| TASK DESCRIPTION |
Please, without any pictures, set down exactly the part of the listing below that opens with the line containing "um 1930, gemarkt" and closes with the line containing "Ironmongery we can".

| DATA FOR THIS EXERCISE |
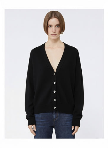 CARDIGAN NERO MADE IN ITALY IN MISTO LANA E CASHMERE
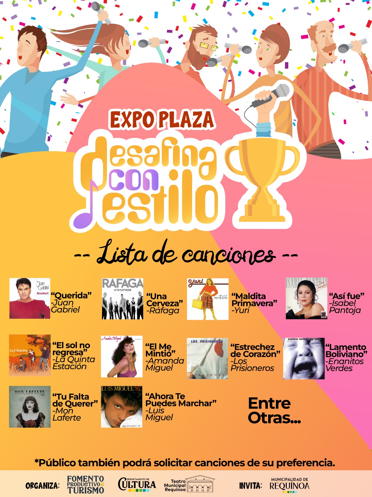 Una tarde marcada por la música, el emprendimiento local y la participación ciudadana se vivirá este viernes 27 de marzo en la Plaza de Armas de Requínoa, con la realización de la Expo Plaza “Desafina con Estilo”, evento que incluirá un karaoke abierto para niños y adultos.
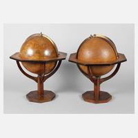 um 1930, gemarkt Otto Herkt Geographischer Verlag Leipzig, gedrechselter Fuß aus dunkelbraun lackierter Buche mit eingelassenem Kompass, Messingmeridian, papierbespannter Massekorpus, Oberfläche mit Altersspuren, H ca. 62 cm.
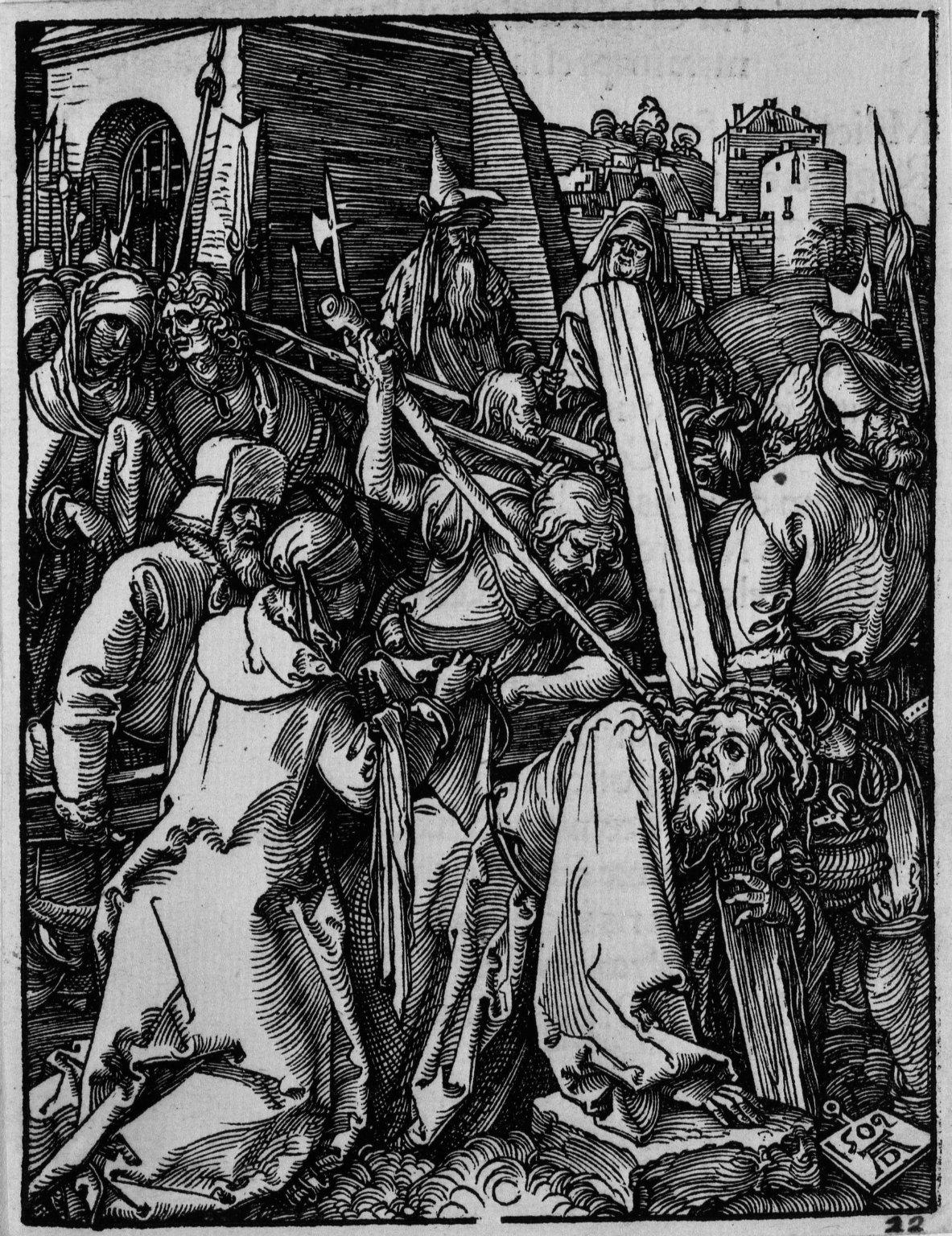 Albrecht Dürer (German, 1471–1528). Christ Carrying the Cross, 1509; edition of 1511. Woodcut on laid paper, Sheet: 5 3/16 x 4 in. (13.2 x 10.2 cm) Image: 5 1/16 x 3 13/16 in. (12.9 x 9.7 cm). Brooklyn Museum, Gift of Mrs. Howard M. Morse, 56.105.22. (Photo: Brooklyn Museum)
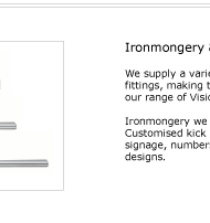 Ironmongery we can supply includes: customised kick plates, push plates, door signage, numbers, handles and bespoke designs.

---

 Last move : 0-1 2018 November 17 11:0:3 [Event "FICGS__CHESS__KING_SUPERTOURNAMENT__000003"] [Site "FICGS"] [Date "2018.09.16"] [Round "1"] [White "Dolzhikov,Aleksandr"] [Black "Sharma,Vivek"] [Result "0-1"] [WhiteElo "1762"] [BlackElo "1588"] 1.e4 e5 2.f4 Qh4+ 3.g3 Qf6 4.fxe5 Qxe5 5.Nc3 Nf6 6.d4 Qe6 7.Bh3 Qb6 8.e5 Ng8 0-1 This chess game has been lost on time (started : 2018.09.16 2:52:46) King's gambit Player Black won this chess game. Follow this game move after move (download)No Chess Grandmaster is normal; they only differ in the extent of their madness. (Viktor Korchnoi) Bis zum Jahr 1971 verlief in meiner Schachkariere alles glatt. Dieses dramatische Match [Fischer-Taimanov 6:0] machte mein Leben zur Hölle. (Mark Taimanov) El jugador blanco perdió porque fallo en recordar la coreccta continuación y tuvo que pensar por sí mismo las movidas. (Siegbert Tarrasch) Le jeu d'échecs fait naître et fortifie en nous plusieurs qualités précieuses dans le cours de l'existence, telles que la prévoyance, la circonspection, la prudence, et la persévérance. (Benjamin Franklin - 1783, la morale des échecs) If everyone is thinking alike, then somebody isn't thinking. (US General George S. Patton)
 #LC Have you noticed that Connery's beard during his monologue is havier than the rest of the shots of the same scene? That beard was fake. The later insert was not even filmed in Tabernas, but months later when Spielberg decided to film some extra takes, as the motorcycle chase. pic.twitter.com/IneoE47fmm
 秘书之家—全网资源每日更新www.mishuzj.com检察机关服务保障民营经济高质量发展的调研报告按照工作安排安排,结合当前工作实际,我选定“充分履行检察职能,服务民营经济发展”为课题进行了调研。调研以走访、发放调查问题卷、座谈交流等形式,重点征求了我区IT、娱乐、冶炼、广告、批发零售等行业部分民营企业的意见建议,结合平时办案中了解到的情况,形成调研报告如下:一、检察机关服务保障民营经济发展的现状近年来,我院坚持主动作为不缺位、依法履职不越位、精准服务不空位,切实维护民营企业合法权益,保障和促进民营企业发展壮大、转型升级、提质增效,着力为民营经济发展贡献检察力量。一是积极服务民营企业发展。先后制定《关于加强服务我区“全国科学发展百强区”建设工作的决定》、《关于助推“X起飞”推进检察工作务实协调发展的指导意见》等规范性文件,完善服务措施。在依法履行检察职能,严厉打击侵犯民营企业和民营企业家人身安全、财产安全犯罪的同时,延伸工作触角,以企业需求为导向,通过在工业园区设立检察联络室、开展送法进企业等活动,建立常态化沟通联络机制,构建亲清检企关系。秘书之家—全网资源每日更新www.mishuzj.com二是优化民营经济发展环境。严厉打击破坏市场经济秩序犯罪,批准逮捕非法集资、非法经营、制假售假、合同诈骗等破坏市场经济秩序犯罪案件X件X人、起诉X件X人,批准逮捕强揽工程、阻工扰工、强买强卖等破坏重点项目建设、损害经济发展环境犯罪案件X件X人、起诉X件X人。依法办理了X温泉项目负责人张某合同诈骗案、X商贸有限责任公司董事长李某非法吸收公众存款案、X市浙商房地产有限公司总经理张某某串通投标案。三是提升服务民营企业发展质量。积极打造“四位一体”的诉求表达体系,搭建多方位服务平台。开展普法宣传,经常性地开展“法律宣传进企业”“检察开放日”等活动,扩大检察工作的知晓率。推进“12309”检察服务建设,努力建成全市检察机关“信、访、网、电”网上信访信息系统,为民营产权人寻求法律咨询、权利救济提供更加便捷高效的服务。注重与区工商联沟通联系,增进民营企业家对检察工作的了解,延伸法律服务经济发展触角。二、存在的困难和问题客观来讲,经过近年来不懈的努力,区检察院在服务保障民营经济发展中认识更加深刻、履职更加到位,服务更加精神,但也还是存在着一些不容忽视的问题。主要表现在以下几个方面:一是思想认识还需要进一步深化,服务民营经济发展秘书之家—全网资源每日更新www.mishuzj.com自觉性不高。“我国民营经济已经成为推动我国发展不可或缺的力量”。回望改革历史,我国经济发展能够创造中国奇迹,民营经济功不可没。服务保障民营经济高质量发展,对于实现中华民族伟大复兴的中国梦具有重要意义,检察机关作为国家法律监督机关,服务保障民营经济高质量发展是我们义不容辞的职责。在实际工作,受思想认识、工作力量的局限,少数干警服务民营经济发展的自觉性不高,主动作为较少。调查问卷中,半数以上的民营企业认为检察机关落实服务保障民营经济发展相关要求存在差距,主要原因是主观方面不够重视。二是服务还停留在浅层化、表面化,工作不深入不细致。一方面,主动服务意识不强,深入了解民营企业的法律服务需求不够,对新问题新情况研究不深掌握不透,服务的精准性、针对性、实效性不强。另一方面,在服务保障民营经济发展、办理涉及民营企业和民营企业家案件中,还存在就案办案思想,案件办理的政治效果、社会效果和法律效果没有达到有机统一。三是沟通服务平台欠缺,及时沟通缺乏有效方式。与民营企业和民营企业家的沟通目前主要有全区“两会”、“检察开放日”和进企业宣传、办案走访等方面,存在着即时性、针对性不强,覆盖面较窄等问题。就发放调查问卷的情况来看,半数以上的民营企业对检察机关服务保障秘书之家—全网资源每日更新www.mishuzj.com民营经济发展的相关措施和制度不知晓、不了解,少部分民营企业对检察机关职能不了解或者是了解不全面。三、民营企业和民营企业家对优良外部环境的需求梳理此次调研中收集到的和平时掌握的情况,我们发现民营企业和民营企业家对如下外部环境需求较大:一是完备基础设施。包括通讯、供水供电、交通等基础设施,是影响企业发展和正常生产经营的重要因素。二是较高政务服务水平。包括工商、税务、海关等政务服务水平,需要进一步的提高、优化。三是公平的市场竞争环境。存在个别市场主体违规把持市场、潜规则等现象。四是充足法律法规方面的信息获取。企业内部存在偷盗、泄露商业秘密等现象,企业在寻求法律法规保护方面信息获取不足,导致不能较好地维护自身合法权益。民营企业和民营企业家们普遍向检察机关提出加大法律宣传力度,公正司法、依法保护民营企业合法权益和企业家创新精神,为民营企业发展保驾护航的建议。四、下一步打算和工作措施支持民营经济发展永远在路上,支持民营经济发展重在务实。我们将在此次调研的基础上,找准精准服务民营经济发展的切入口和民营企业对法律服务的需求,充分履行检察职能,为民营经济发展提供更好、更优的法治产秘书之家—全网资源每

| REPLY TO THE EXERCISE |
 um 1930, gemarkt Otto Herkt Geographischer Verlag Leipzig, gedrechselter Fuß aus dunkelbraun lackierter Buche mit eingelassenem Kompass, Messingmeridian, papierbespannter Massekorpus, Oberfläche mit Altersspuren, H ca. 62 cm.
 Albrecht Dürer (German, 1471–1528). Christ Carrying the Cross, 1509; edition of 1511. Woodcut on laid paper, Sheet: 5 3/16 x 4 in. (13.2 x 10.2 cm) Image: 5 1/16 x 3 13/16 in. (12.9 x 9.7 cm). Brooklyn Museum, Gift of Mrs. Howard M. Morse, 56.105.22. (Photo: Brooklyn Museum)
 Ironmongery we can supply includes: customised kick plates, push plates, door signage, numbers, handles and bespoke designs.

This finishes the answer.